## Task goal
Every entry that follows should be repeated exactly; drop the images.

---+---

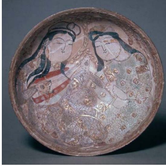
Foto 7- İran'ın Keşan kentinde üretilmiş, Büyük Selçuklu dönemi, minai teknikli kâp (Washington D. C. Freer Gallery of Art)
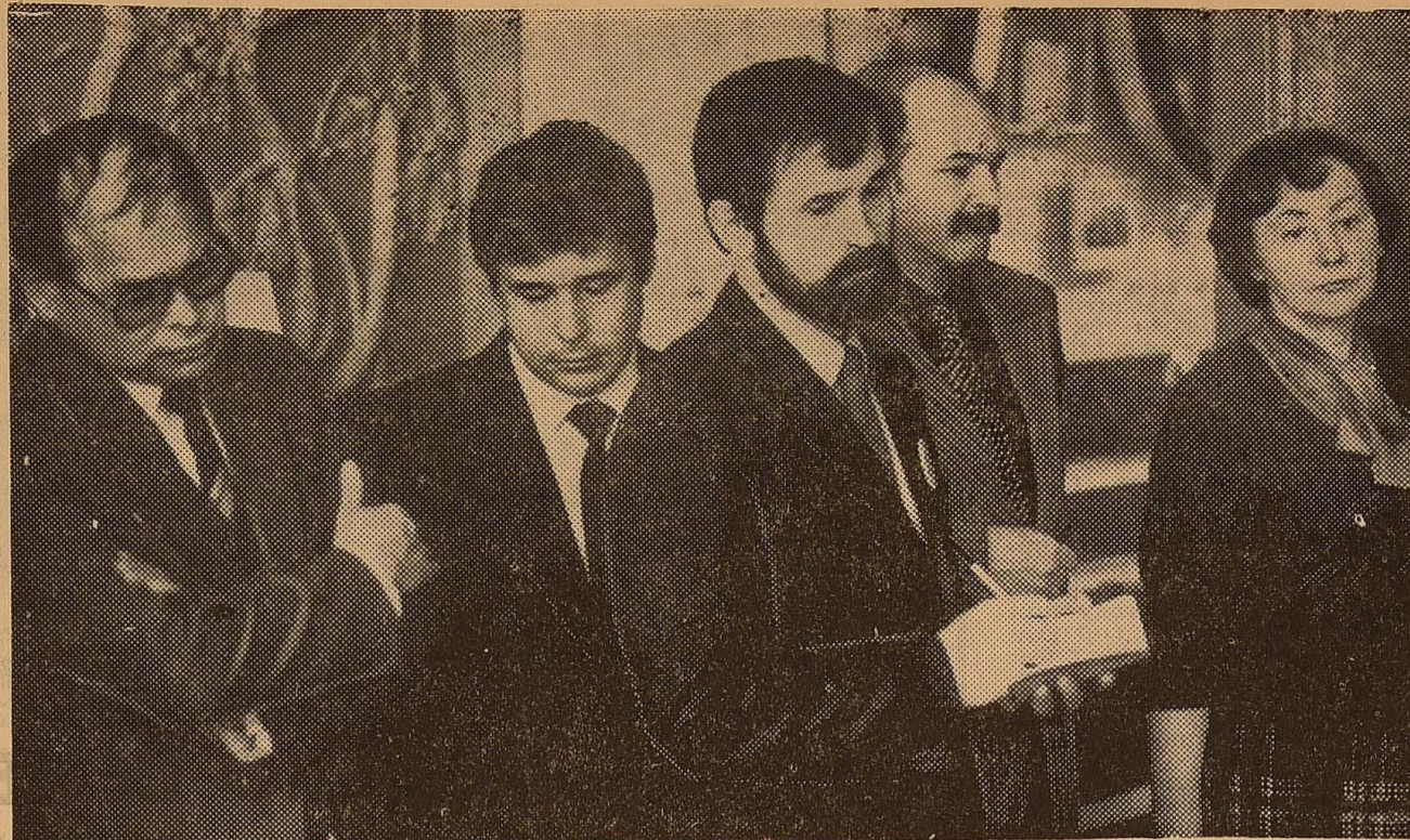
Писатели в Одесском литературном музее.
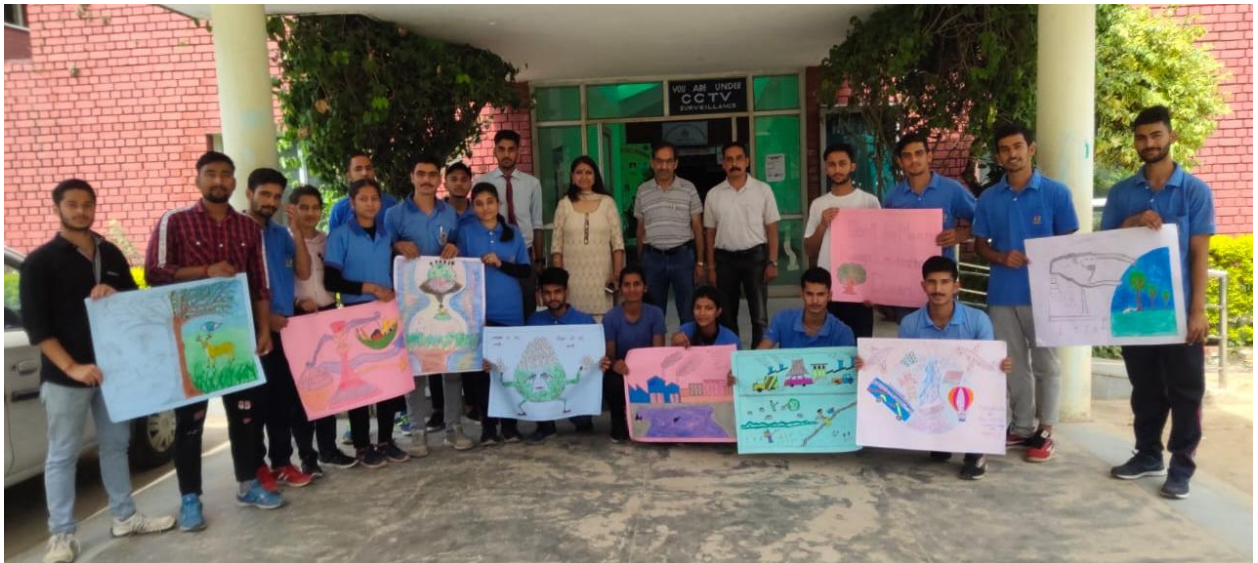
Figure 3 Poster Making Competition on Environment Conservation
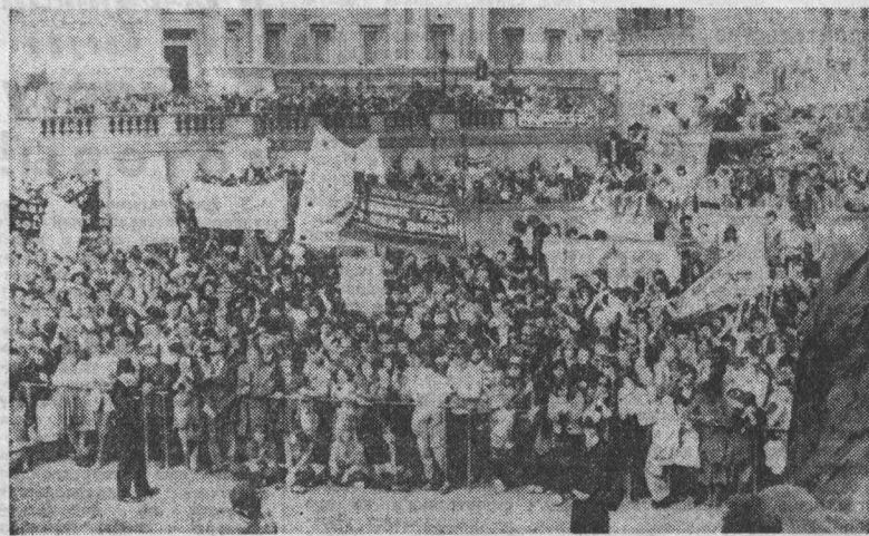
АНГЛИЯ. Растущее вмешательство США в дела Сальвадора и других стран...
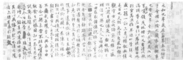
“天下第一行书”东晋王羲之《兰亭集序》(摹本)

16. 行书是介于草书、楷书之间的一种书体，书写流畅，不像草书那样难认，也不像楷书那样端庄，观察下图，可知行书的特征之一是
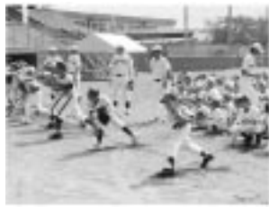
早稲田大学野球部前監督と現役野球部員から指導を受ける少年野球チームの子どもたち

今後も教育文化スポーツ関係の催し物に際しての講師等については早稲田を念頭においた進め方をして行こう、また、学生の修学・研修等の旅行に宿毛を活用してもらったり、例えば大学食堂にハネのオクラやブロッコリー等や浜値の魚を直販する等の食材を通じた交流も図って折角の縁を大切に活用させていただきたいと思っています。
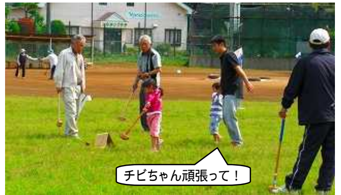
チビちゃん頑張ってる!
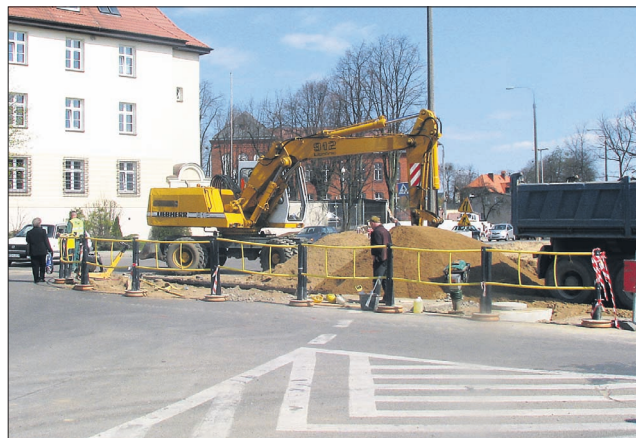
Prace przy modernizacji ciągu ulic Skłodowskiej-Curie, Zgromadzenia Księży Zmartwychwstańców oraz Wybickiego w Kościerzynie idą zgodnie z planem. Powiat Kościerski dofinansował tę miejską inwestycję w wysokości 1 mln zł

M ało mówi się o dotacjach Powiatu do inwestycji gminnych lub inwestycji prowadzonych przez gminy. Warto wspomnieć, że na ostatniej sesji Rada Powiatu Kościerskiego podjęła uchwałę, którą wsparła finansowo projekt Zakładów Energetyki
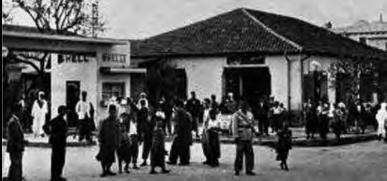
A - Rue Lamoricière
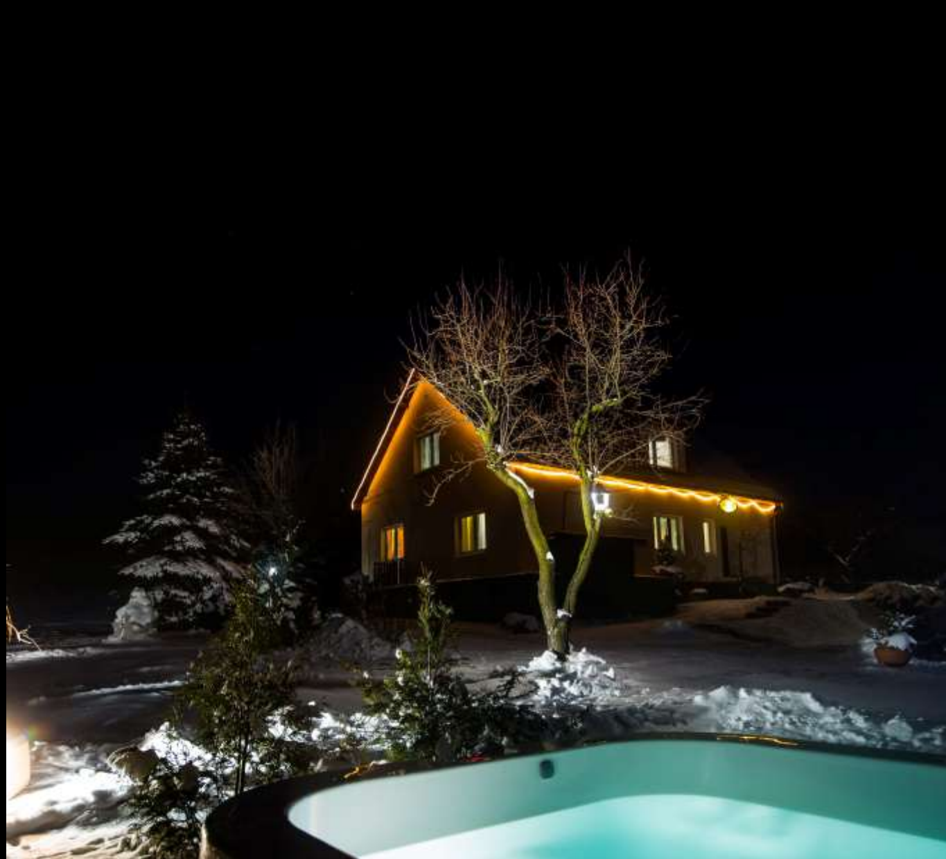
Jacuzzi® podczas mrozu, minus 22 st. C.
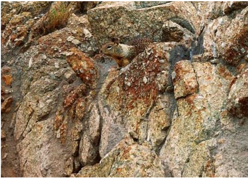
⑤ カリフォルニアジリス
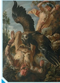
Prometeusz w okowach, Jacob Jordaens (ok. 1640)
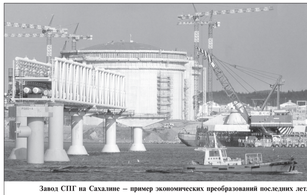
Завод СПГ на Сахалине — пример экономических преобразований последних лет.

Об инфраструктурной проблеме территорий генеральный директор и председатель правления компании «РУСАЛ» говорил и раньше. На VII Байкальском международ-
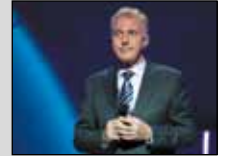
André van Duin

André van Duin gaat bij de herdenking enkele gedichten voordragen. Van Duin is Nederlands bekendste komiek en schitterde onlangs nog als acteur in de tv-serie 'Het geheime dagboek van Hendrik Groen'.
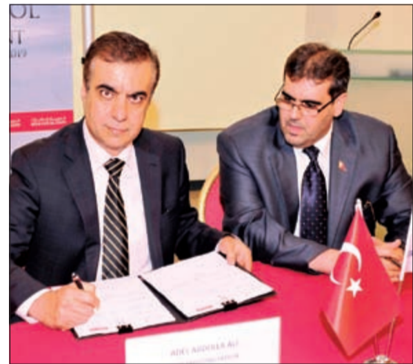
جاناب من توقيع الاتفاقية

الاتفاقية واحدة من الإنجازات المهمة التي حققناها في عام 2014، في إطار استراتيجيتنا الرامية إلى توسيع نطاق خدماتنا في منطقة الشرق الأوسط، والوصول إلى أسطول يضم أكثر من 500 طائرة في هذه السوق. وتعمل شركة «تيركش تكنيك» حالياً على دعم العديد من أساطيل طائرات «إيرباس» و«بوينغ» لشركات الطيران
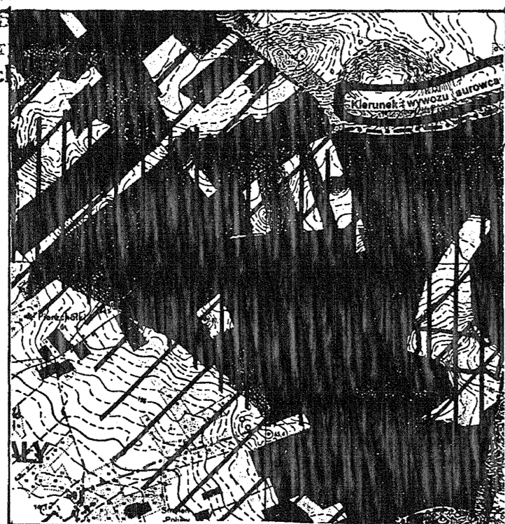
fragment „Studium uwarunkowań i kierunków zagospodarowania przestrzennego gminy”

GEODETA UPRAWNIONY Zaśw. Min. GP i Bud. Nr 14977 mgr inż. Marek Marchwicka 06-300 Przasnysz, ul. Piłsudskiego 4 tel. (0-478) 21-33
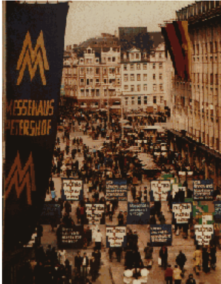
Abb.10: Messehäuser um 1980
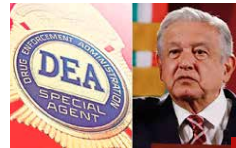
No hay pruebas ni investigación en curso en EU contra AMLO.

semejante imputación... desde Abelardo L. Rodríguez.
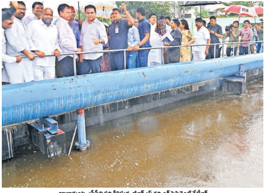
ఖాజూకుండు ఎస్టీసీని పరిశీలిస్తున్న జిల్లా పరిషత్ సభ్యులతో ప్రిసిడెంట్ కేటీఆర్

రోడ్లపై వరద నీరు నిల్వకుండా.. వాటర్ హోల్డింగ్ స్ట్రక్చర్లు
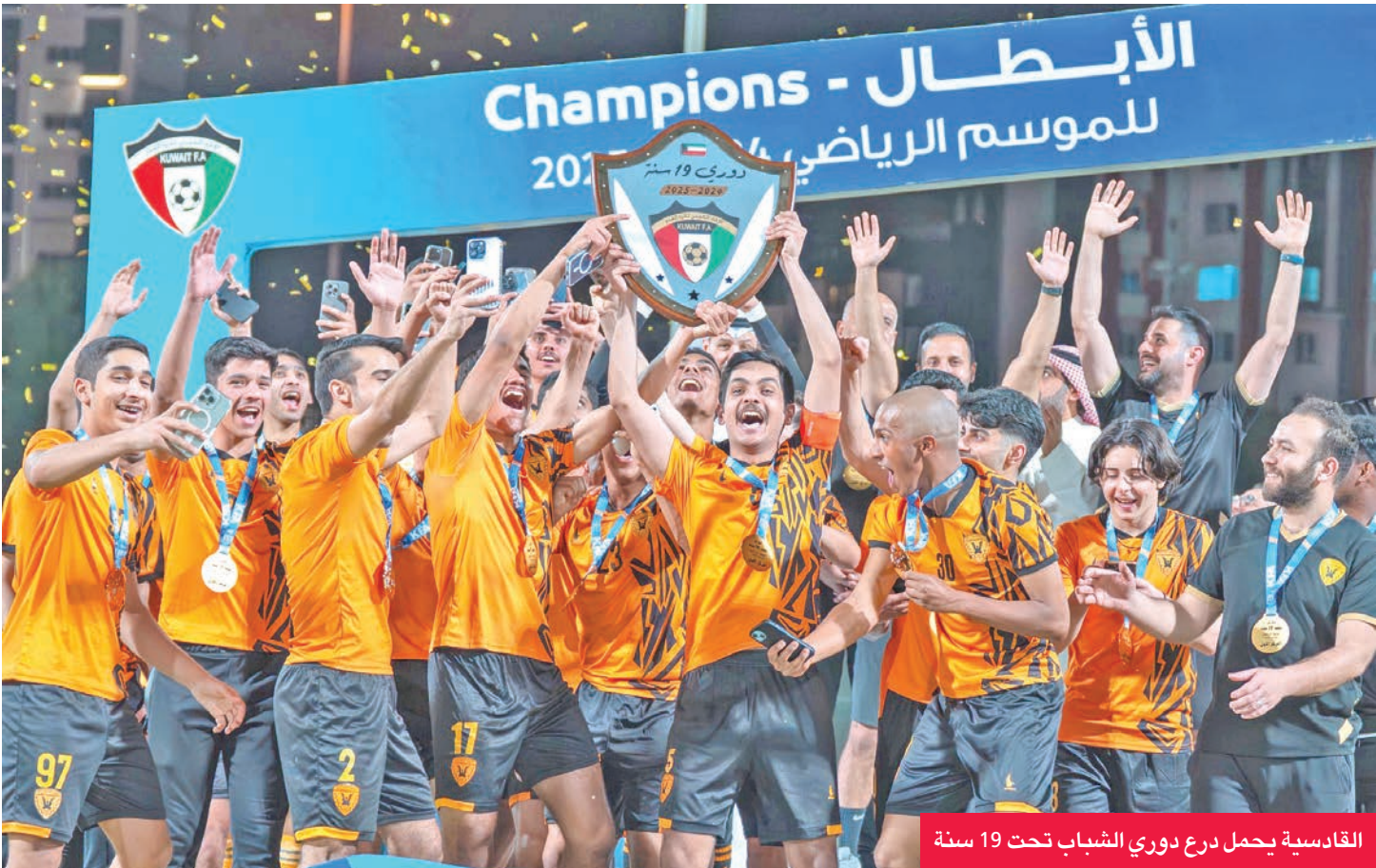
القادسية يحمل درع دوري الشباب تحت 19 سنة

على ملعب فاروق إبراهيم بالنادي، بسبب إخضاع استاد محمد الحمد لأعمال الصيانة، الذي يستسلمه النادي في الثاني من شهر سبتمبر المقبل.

---+---

## Exercise answer
Foto 7- İran'ın Keşan kentinde üretilmiş, Büyük Selçuklu dönemi, minai teknikli kâp (Washington D. C. Freer Gallery of Art)
Писатели в Одесском литературном музее.
Figure 3 Poster Making Competition on Environment Conservation
АНГЛИЯ. Растущее вмешательство США в дела Сальвадора и других стран...
“天下第一行书”东晋王羲之《兰亭集序》(摹本)

16. 行书是介于草书、楷书之间的一种书体，书写流畅，不像草书那样难认，也不像楷书那样端庄，观察下图，可知行书的特征之一是
早稲田大学野球部前監督と現役野球部員から指導を受ける少年野球チームの子どもたち

今後も教育文化スポーツ関係の催し物に際しての講師等については早稲田を念頭においた進め方をして行こう、また、学生の修学・研修等の旅行に宿毛を活用してもらったり、例えば大学食堂にハネのオクラやブロッコリー等や浜値の魚を直販する等の食材を通じた交流も図って折角の縁を大切に活用させていただきたいと思っています。
チビちゃん頑張ってる!
Prace przy modernizacji ciągu ulic Skłodowskiej-Curie, Zgromadzenia Księży Zmartwychwstańców oraz Wybickiego w Kościerzynie idą zgodnie z planem. Powiat Kościerski dofinansował tę miejską inwestycję w wysokości 1 mln zł

M ało mówi się o dotacjach Powiatu do inwestycji gminnych lub inwestycji prowadzonych przez gminy. Warto wspomnieć, że na ostatniej sesji Rada Powiatu Kościerskiego podjęła uchwałę, którą wsparła finansowo projekt Zakładów Energetyki
A - Rue Lamoricière
Jacuzzi® podczas mrozu, minus 22 st. C.
⑤ カリフォルニアジリス
Prometeusz w okowach, Jacob Jordaens (ok. 1640)
Завод СПГ на Сахалине — пример экономических преобразований последних лет.

Об инфраструктурной проблеме территорий генеральный директор и председатель правления компании «РУСАЛ» говорил и раньше. На VII Байкальском международ-
André van Duin

André van Duin gaat bij de herdenking enkele gedichten voordragen. Van Duin is Nederlands bekendste komiek en schitterde onlangs nog als acteur in de tv-serie 'Het geheime dagboek van Hendrik Groen'.
جاناب من توقيع الاتفاقية

الاتفاقية واحدة من الإنجازات المهمة التي حققناها في عام 2014، في إطار استراتيجيتنا الرامية إلى توسيع نطاق خدماتنا في منطقة الشرق الأوسط، والوصول إلى أسطول يضم أكثر من 500 طائرة في هذه السوق. وتعمل شركة «تيركش تكنيك» حالياً على دعم العديد من أساطيل طائرات «إيرباس» و«بوينغ» لشركات الطيران
fragment „Studium uwarunkowań i kierunków zagospodarowania przestrzennego gminy”

GEODETA UPRAWNIONY Zaśw. Min. GP i Bud. Nr 14977 mgr inż. Marek Marchwicka 06-300 Przasnysz, ul. Piłsudskiego 4 tel. (0-478) 21-33
Abb.10: Messehäuser um 1980
No hay pruebas ni investigación en curso en EU contra AMLO.

semejante imputación... desde Abelardo L. Rodríguez.
ఖాజూకుండు ఎస్టీసీని పరిశీలిస్తున్న జిల్లా పరిషత్ సభ్యులతో ప్రిసిడెంట్ కేటీఆర్

రోడ్లపై వరద నీరు నిల్వకుండా.. వాటర్ హోల్డింగ్ స్ట్రక్చర్లు
القادسية يحمل درع دوري الشباب تحت 19 سنة

على ملعب فاروق إبراهيم بالنادي، بسبب إخضاع استاد محمد الحمد لأعمال الصيانة، الذي يستسلمه النادي في الثاني من شهر سبتمبر المقبل.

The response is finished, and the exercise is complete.